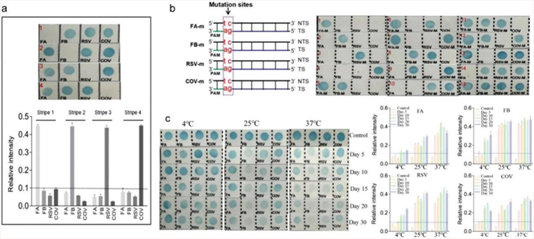 为了验证CRISPR-RDB体系的可行性,作者先将4种recDNA和4种capDNA杂交,结果表明每条带有4种capDNA的尼龙膜可识别到对应的recDNA,且recDNA I、II、III和IV之间没有干扰。 同时,作者测试了4个具有不同靶标序列识别能力的Cas12a/crRNA系统,显示能够在特异靶标存在的情况下剪切对应的recDNA。
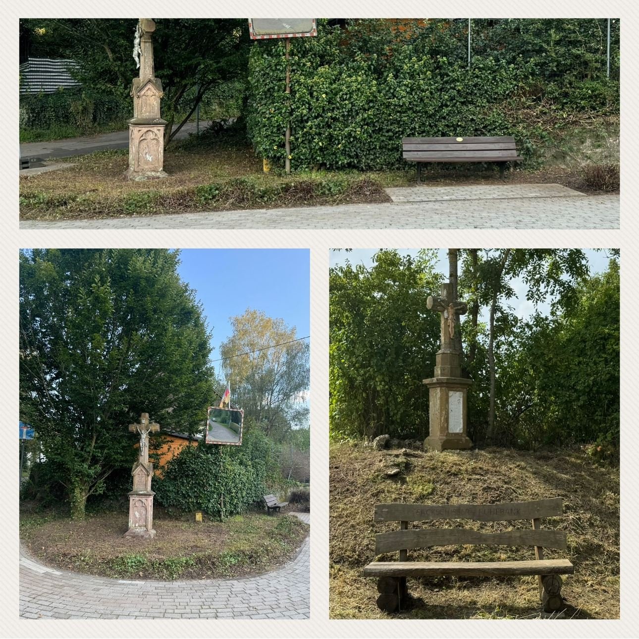 In der vergangenen Woche hat unser Ortsteilarbeiter die Ruhebank oberhalb des alten "Kaschtler Weges" und das Kreuz an der Gabelung Ziegelhütte/ Hüttenweg komplett freigeschnitten. Die beiden Stellen sind nun nochmal gut sichtbar und laden auch zum verweilen ein. In der Folge werde ich versuchen, eine Säuberung der beiden in Jahre gekommenen Wegekreuze zu erreichen. Hierzu muss wohl aber ein Steinmetz beauftragt werden.
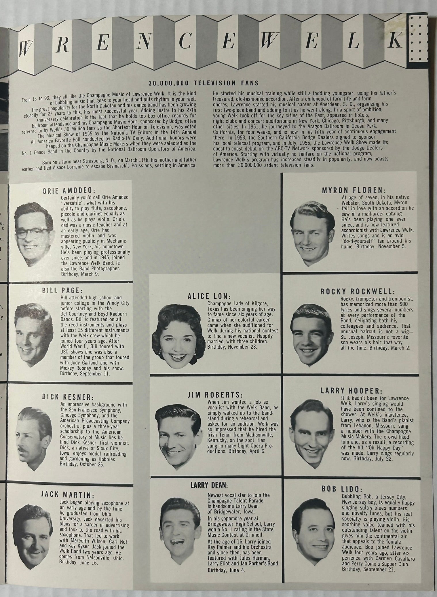 LAWRENCE WELK EARLY PROGRAM SHOWING ORCHESTRA MEMBERS

------

● **Problem to solve**
Copy the material shown above in full and exactly. Skip the pictures.

● **The completed task**
 为了验证CRISPR-RDB体系的可行性,作者先将4种recDNA和4种capDNA杂交,结果表明每条带有4种capDNA的尼龙膜可识别到对应的recDNA,且recDNA I、II、III和IV之间没有干扰。 同时,作者测试了4个具有不同靶标序列识别能力的Cas12a/crRNA系统,显示能够在特异靶标存在的情况下剪切对应的recDNA。
 In der vergangenen Woche hat unser Ortsteilarbeiter die Ruhebank oberhalb des alten "Kaschtler Weges" und das Kreuz an der Gabelung Ziegelhütte/ Hüttenweg komplett freigeschnitten. Die beiden Stellen sind nun nochmal gut sichtbar und laden auch zum verweilen ein. In der Folge werde ich versuchen, eine Säuberung der beiden in Jahre gekommenen Wegekreuze zu erreichen. Hierzu muss wohl aber ein Steinmetz beauftragt werden.
 LAWRENCE WELK EARLY PROGRAM SHOWING ORCHESTRA MEMBERS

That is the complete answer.